▶ [Supplied material]
--

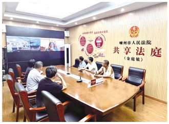 圖為2022年8月5日,紹興嵊州金庭鎮(zhèn)當事人在“共享法庭”與法官遠程連線,在線化解糾紛。 紹興中院供圖
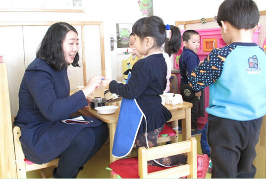 讲座中,张老师讲解了如何充分利用区域的游戏,来弥补集体教学中幼儿的不足,旨在通过区域游戏让每一位幼儿得到发展。讲述结束后,学生们又来到了中班四观察孩子们在区域游戏中是如何表现的。教师们亲身参与其中与幼儿互动,也感受到了孩子们的热情。本次交流,使安丰幼儿园的老师们更加积极。热情地创设并参与区域游戏,幼儿在如此丰富的游戏环境中,不但体验到了快乐,也在社会性和创造力等方面得到了发展。
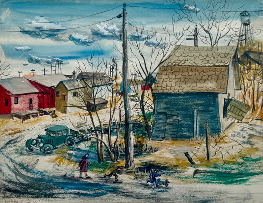 1942 Americana Townscape Out of My Window Watercolor Painting in Gilded Wood Frame
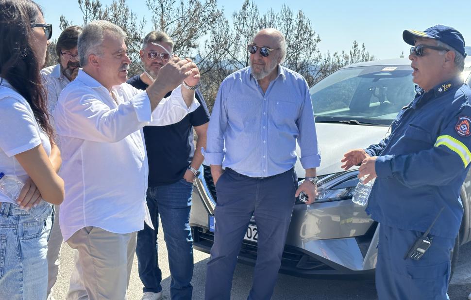 Ο βουλευτής Δωδεκανήσου υπεύθυνος του Κοινοβουλευτικού Τομέα Ανάπτυξης Γιώργος Νικητιάδης, η βουλευτής Λασιθίου και υπεύθυνη του Κοινοβουλευτικού Τομέα Τουρισμού Κατερίνα Σπυριδάκη και ο βουλευτής Αργολίδας και υπεύθυνος του Κοινοβουλευτικού Τομέα Κλιματικής Κρίσης και Πολιτικής Προστασίας Ανδρέας Πουλάς, ο υποψήφιος Περιφερειάρχης Νοτίου Αιγαίου που στηρίζεται από το ΠΑΣΟΚ Νικηφόρος Παπανικόλας και άλλα τοπικά στελέχη βρέθηκαν στις πυρόπληκτες περιοχές και ενημερώθηκαν για τις επιπτώσεις στο φυσικό περιβάλλον από τον καθηγητή Δυναμικής Τεκτονικής και Εφαρμοσμένης Γεωλογίας Ευθύμιο Λέκκα.

--

▶ [What is being asked] Would you reproduce the listing above in full and exactly, without its pictures?

▶ [Result of this exercise]
 圖為2022年8月5日,紹興嵊州金庭鎮(zhèn)當事人在“共享法庭”與法官遠程連線,在線化解糾紛。 紹興中院供圖
 讲座中,张老师讲解了如何充分利用区域的游戏,来弥补集体教学中幼儿的不足,旨在通过区域游戏让每一位幼儿得到发展。讲述结束后,学生们又来到了中班四观察孩子们在区域游戏中是如何表现的。教师们亲身参与其中与幼儿互动,也感受到了孩子们的热情。本次交流,使安丰幼儿园的老师们更加积极。热情地创设并参与区域游戏,幼儿在如此丰富的游戏环境中,不但体验到了快乐,也在社会性和创造力等方面得到了发展。
 1942 Americana Townscape Out of My Window Watercolor Painting in Gilded Wood Frame
 Ο βουλευτής Δωδεκανήσου υπεύθυνος του Κοινοβουλευτικού Τομέα Ανάπτυξης Γιώργος Νικητιάδης, η βουλευτής Λασιθίου και υπεύθυνη του Κοινοβουλευτικού Τομέα Τουρισμού Κατερίνα Σπυριδάκη και ο βουλευτής Αργολίδας και υπεύθυνος του Κοινοβουλευτικού Τομέα Κλιματικής Κρίσης και Πολιτικής Προστασίας Ανδρέας Πουλάς, ο υποψήφιος Περιφερειάρχης Νοτίου Αιγαίου που στηρίζεται από το ΠΑΣΟΚ Νικηφόρος Παπανικόλας και άλλα τοπικά στελέχη βρέθηκαν στις πυρόπληκτες περιοχές και ενημερώθηκαν για τις επιπτώσεις στο φυσικό περιβάλλον από τον καθηγητή Δυναμικής Τεκτονικής και Εφαρμοσμένης Γεωλογίας Ευθύμιο Λέκκα.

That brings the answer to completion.